--- YOUR ASSIGNMENT ---
No image is to be carried over; reproduce the rest of the listing word for word.

--- SOURCE MATERIAL ---
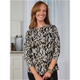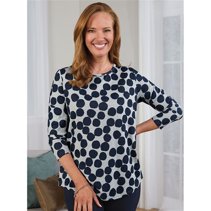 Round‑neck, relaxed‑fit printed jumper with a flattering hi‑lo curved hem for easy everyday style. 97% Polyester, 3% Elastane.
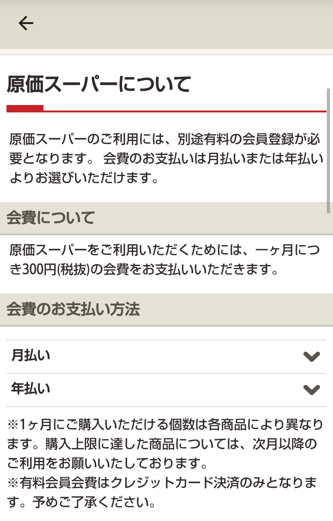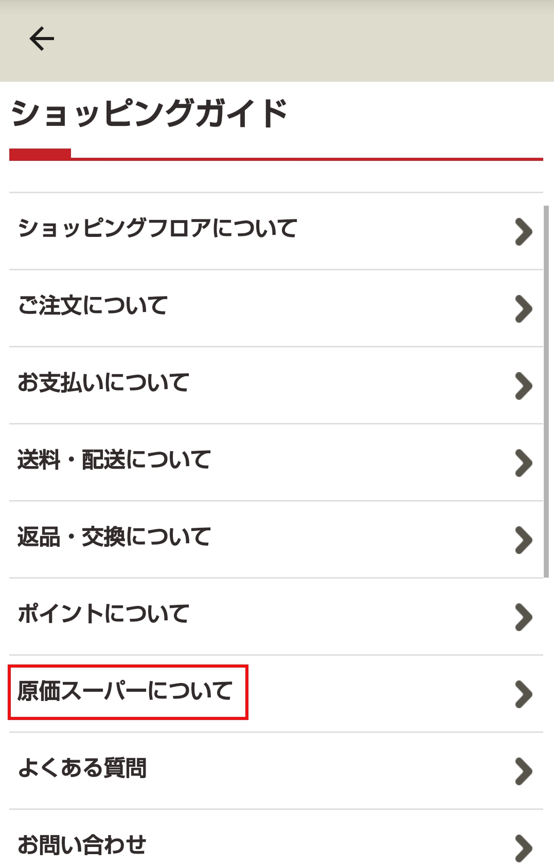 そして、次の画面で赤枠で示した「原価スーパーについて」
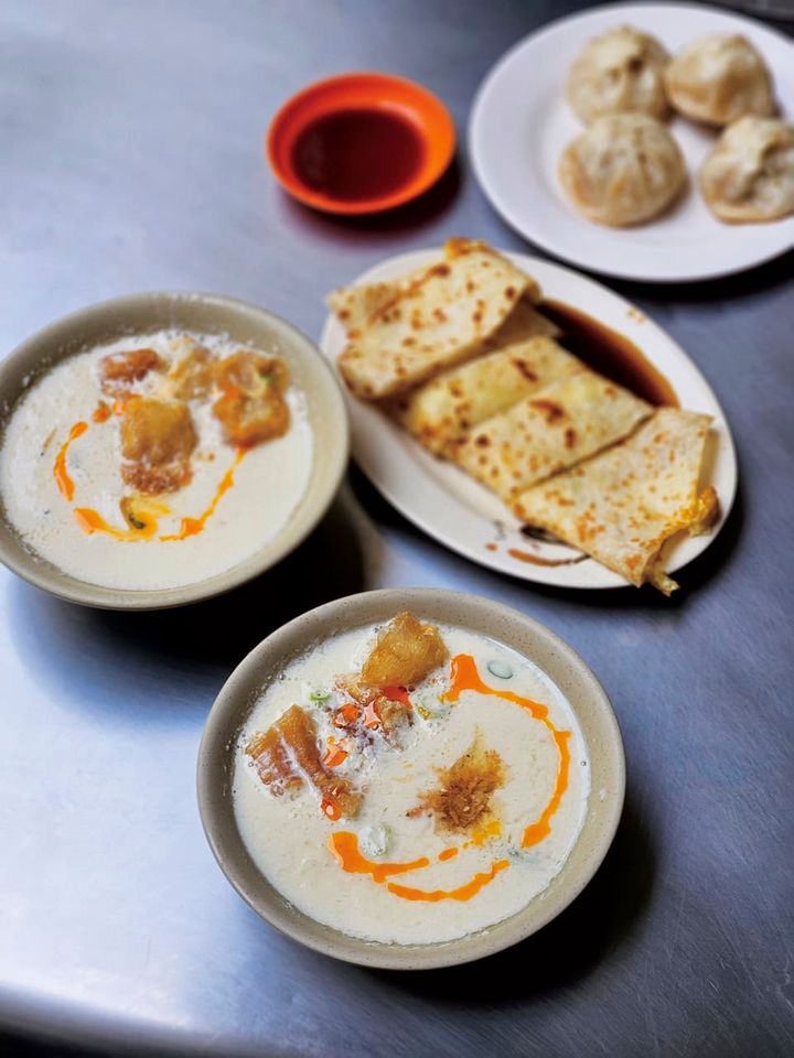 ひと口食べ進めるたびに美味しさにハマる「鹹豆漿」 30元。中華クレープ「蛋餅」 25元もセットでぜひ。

--- FINAL ANSWER ---
 Round‑neck, relaxed‑fit printed jumper with a flattering hi‑lo curved hem for easy everyday style. 97% Polyester, 3% Elastane.
 そして、次の画面で赤枠で示した「原価スーパーについて」
 ひと口食べ進めるたびに美味しさにハマる「鹹豆漿」 30元。中華クレープ「蛋餅」 25元もセットでぜひ。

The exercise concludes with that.